ACTIVITY:
Print the listing below verbatim, passing over each picture.

DATASET CONTENT:
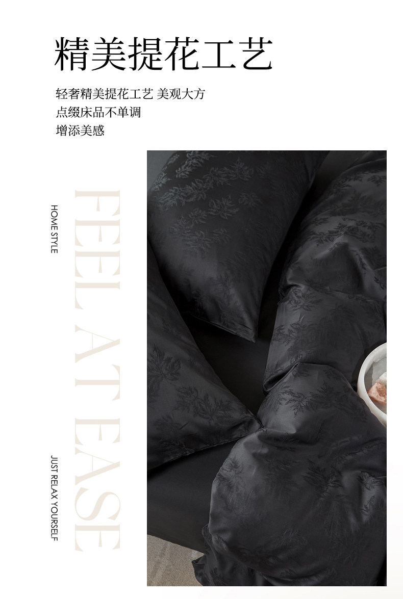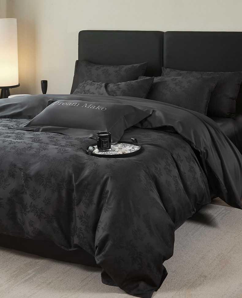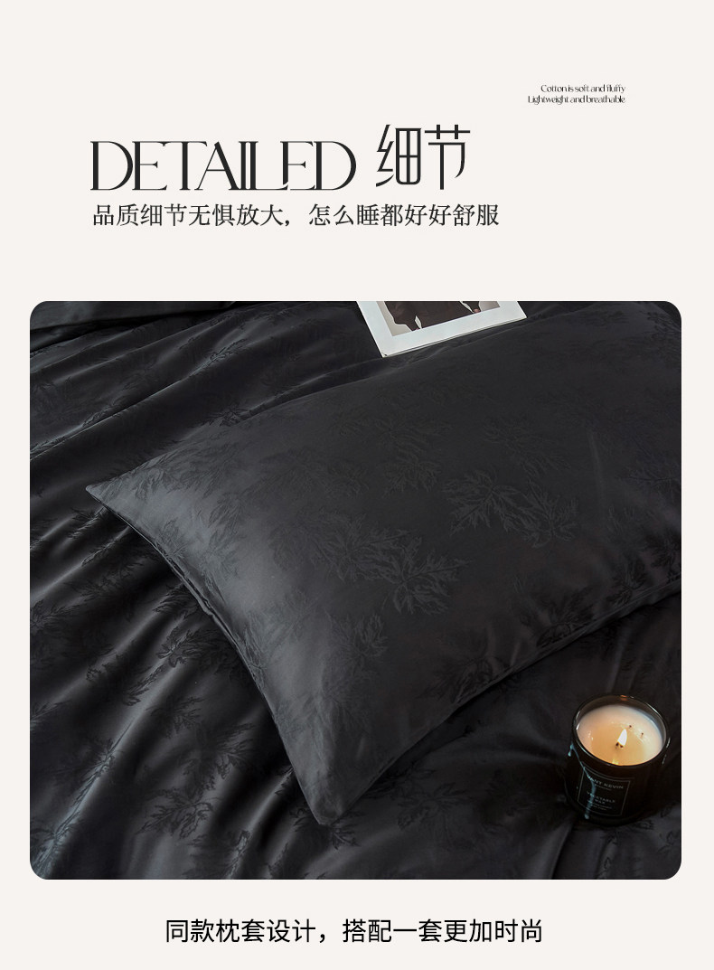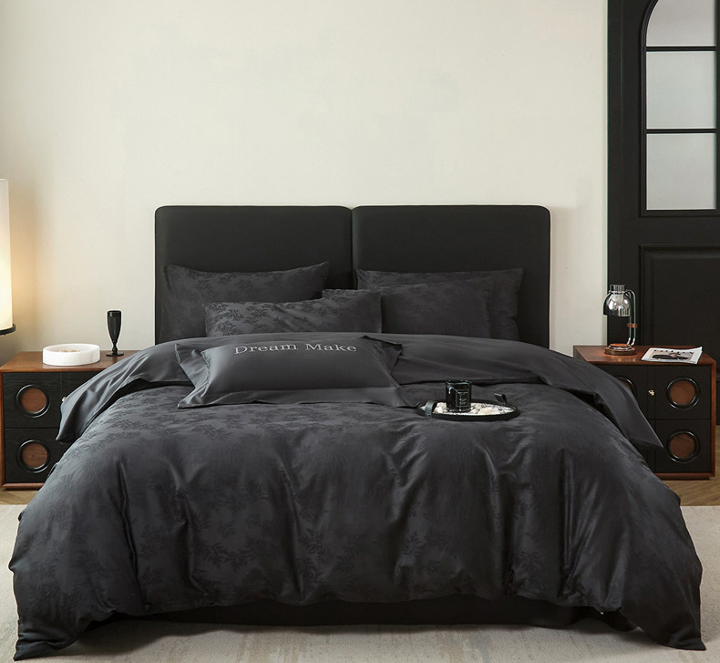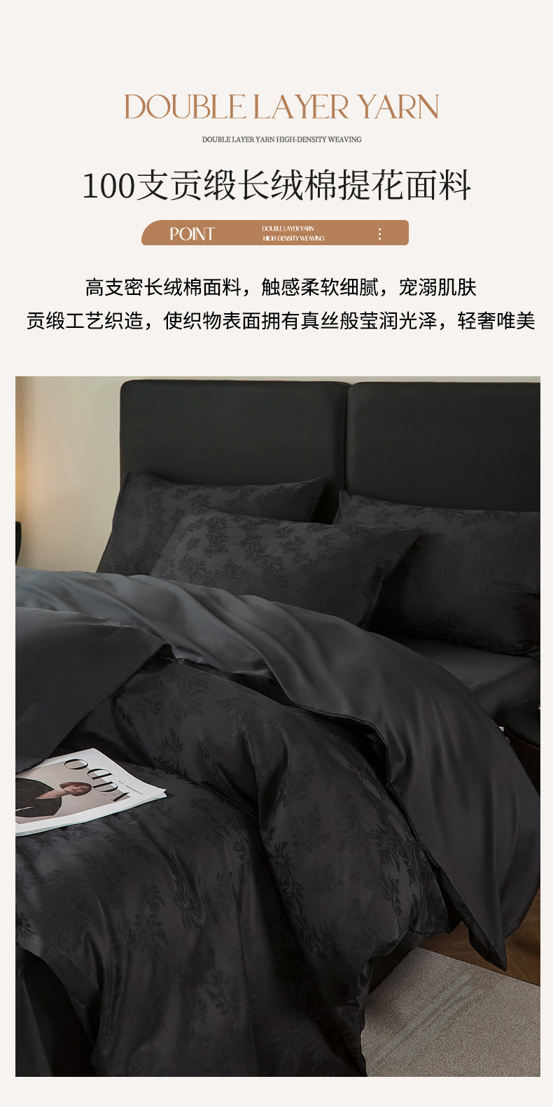 100支全棉黑色四件套輕奢提花純棉床上被套床單床包高級貢緞床品
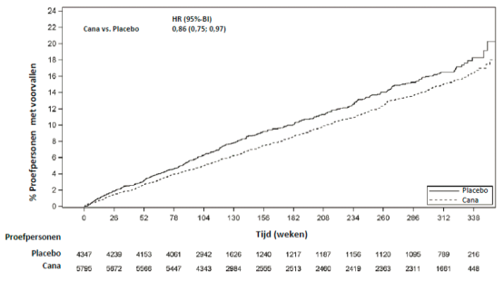 Er was geen verschil in risico op amputatie van de onderste ledematen gerelateerd aan het gebruik van 100 mg canagliflozine ten opzichte van placebo (respectievelijk 1,2 versus 1,1 voorvallen per 100 patiëntjaren [HR: 1,11; 95%-BI 0,79; 1,56]) in CREDENCE, een langetermijnstudie naar nieruitkomsten bij 4.397 volwassen patiënten met type 2-diabetes en diabetische nierschade (zie rubriek 4.4). In andere studies met canagliflozine bij type 2-diabetes, waarin een algemene diabetische populatie van 8.114 volwassen patiënten werd geïncludeerd, werd geen verschil in risico op amputatie van de onderste ledematen waargenomen ten opzichte van controlepatiënten.
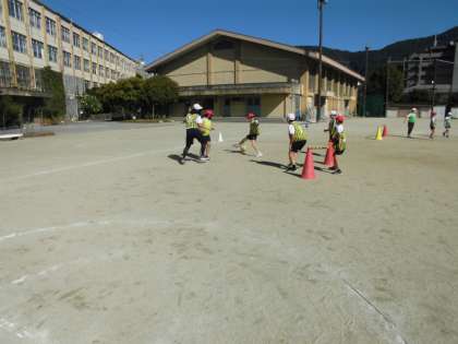 しかしよく見ると、同じ色のゼッケンを着ているのに帽子の色が違う子がいる、コートの中ほどにゴールがある・・・

SOLUTION FOR THIS TASK:
 100支全棉黑色四件套輕奢提花純棉床上被套床單床包高級貢緞床品
 Er was geen verschil in risico op amputatie van de onderste ledematen gerelateerd aan het gebruik van 100 mg canagliflozine ten opzichte van placebo (respectievelijk 1,2 versus 1,1 voorvallen per 100 patiëntjaren [HR: 1,11; 95%-BI 0,79; 1,56]) in CREDENCE, een langetermijnstudie naar nieruitkomsten bij 4.397 volwassen patiënten met type 2-diabetes en diabetische nierschade (zie rubriek 4.4). In andere studies met canagliflozine bij type 2-diabetes, waarin een algemene diabetische populatie van 8.114 volwassen patiënten werd geïncludeerd, werd geen verschil in risico op amputatie van de onderste ledematen waargenomen ten opzichte van controlepatiënten.
 しかしよく見ると、同じ色のゼッケンを着ているのに帽子の色が違う子がいる、コートの中ほどにゴールがある・・・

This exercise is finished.